Annie Polland had an immediate thought after she heard Ken Cuccinelli’s revision of the famous poem inscribed on the Statue of Liberty: Her sixth-grade students seemed to understand Emma Lazarus’ “The New Colossus” better than the head of the nation’s legal immigration system did.

“Clearly, he did not take part in our curriculum,” said Polland, executive director of the American Jewish Historical Society, which is leading a three-year initiative called the Emma Lazarus Project.

She had recently asked the class to rewrite Lazarus’ poem for a national competition. And while the 11-year-olds welcomed the tired, poor and huddled masses, Cuccinelli – acting director of U.S. Citizenship and Immigration Services – took a different direction as he offered his own twist to an NPR reporter Tuesday.

“Give me your tired and your poor who can stand on their own two feet and who will not become a public charge,” he said.

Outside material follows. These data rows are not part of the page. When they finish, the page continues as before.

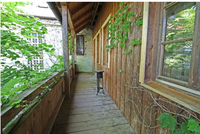
Zugang zum Haus
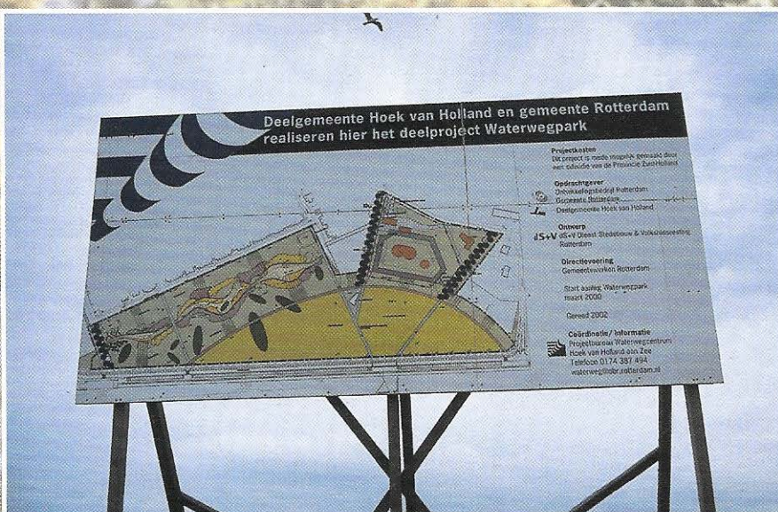
Voor het opruimen van een bouwterrein wilde de gemeente Rotterdam een zandzeefinstallatie in de duinen plaatsen. Duinbehoud heeft bij de provincie Zuid-Holland aangedrongen op het niet verstrekken van ontheffing. De provincie weigerde de gevraagde ontheffing te verlenen.

HET JAARVERSLAG 2001 IS TE BESTELLEN VIA 071 5160490 OF STICHTING@DUINBEHOUD.NL
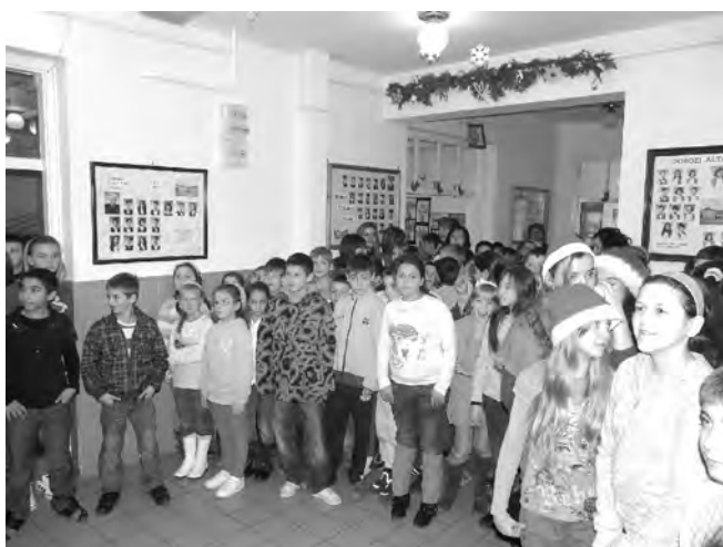
Az iskola tanulói nagy örömmel és szeretettel fogadták a zenekart.
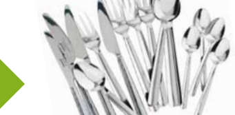
BONUS, set príborov. €2,99/16 ks

Bežné plastové igelitky vám poslúžia len chvíľu, ale ich rozklad potrvá stovky rokov. Zvyčajne nevydržia dlho a nie sú veľmi vzhľadné. Uprednostnite radšej tašky vyrobené z pevných a odolných materiálov, ktoré budete môcť používať roky, znova a znova.
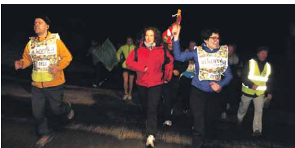
131 km. Arbizuko Udala.
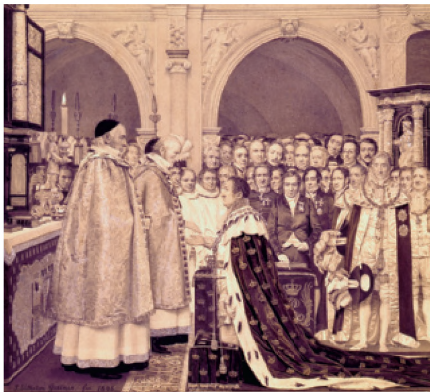
FIGUR 7. Christian VIII's højtidelige salving som enevoldskonge i Frederiksborg Slotskirke den 28. juni 1840 var den sidste af sin art i Danmark. Salvingsceremonien fandt sted under udfoldelse af et stort ceremoniel, hvori medvirkede adskillige Elefantriddere og andre højtstående dignitarere. Selve salvingen forrettedes af Sjællands biskop J. P. Mynster, der her ses i gang med ceremonien foran den knælende konge. Blandt tilskuerne til handlingen genkendes N. F. S. Grundtvig, H. C. Ørsted, Adam Oehlenschläger og H. C. Andersen; men for hovedparten af befolkningen forekom hele det pompøse ritual fremmedartet og anakronistisk, hvilket gav sig udtryk i en offentlig latterliggørelse og en folkelig uvilje, der kom til at klæbe ved Christian VIII i resten af regeringstiden. Belært af disse uheldige erfaringer undlod man en tilsvarende ceremoni ved tronskiftet i 1848. Christian VIII's salvingsfest blev dermed enevældens sidste større selvszenesættelse – tiden var i realiteten løbet fra den og dens magtsymbolik. Tegning med lavering af J. V. Gertner.

I de sidste par år af sin regeringstid syntes han dog i stigende grad indstillet på at bøje sig for det tilsyneladende uundgåelige, nemlig den demokratibølge, der i disse år med stor kraft skyllede ind over Europa og også gav tydelig genlyd i den danske konges riger og lande, ikke mindst i Hertugdømmerne. Efter flere tilløb overdrog kongen således i slutningen af 1847 den statsretskyndige jurist P. G. Bang, som tillige var kongelig kommissarius ved kongerigets stænderforsamlinger, den opgave at udarbejde en samlet betænkning om forfatningsspørgsmålet med frihed til også at ytre sig om forandringer i Kongeloven. Meningen var, at de egentlige forhandlinger om en ændret forfatning på grundlag af Bangs betænkning skulle indledes straks efter nytår 1848; men den 5. januar 1848 blev kongen pludselig alvorligt syg, og det kom derfor ikke til nogen egentlig drøftelse, inden kongen afgik ved døden den 20. januar. Forinden nåede Christian VIII dog den 9. januar at skrive et brev til sin søn og efterfølger, Frederik VII, hvori han indtrængende henstillede til tronfølgeren straks efter sin tronbestigelse at »tilsige det danske Folk og Hertugdømmerne en fælles konstitutionel Forfatning«. På dødslejet indså Christian VIII således, at en indskrænkning af kongens magtfuldkommenhed var blevet en nødvendighed; men han understregede samtidig, at den friere forfatning skulle være fælles for alle rigets dele, og markerede dermed en klar afstandtagen fra de Nationalliberales Ejerdanske program.
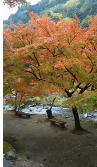
ちょっと早い香嵐渓（愛知）
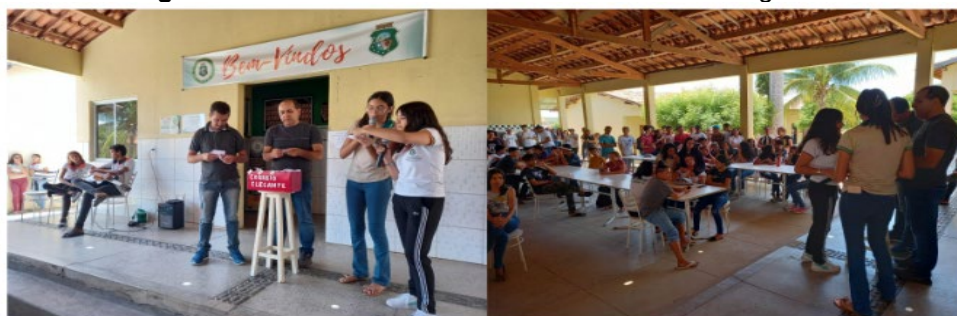
Figura 4 - Atividade recreativa intitulada “Correio Elegante”
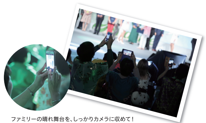
ファミリーの晴れ舞台を、しっかりカメラに収めて！
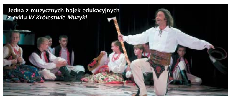
Jedna z muzycznych bajek edukacyjnych z cyklu W Królestwie Muzyki

Cuccinelli’s off-the-cuff edit befuddled and concerned immigration historians who saw his comments as a distortion of one of the nation’s most symbolic ideals. Cuccinelli made the quip in the wake of Citizenship and Immigration Services’ announcement last week that it will expand the “public charge” rule, punishing poor immigrants who use government benefits by making it tougher for them to earn green cards. In interviews with NPR and CNN on Tuesday, Cuccinelli called the public charge doctrine a “140-year tradition in this country,” a “central part of our heritage as Americans.”

But to Polland, Cuccinelli’s fixation on what he viewed as the burden of poor immigrants represented the exact opposite of the lasting impression of Lazarus’ words. To her, he was attempting to replace the spirit of the Jewish poet’s compassionate vision for America with a policy directive directly contradicting it.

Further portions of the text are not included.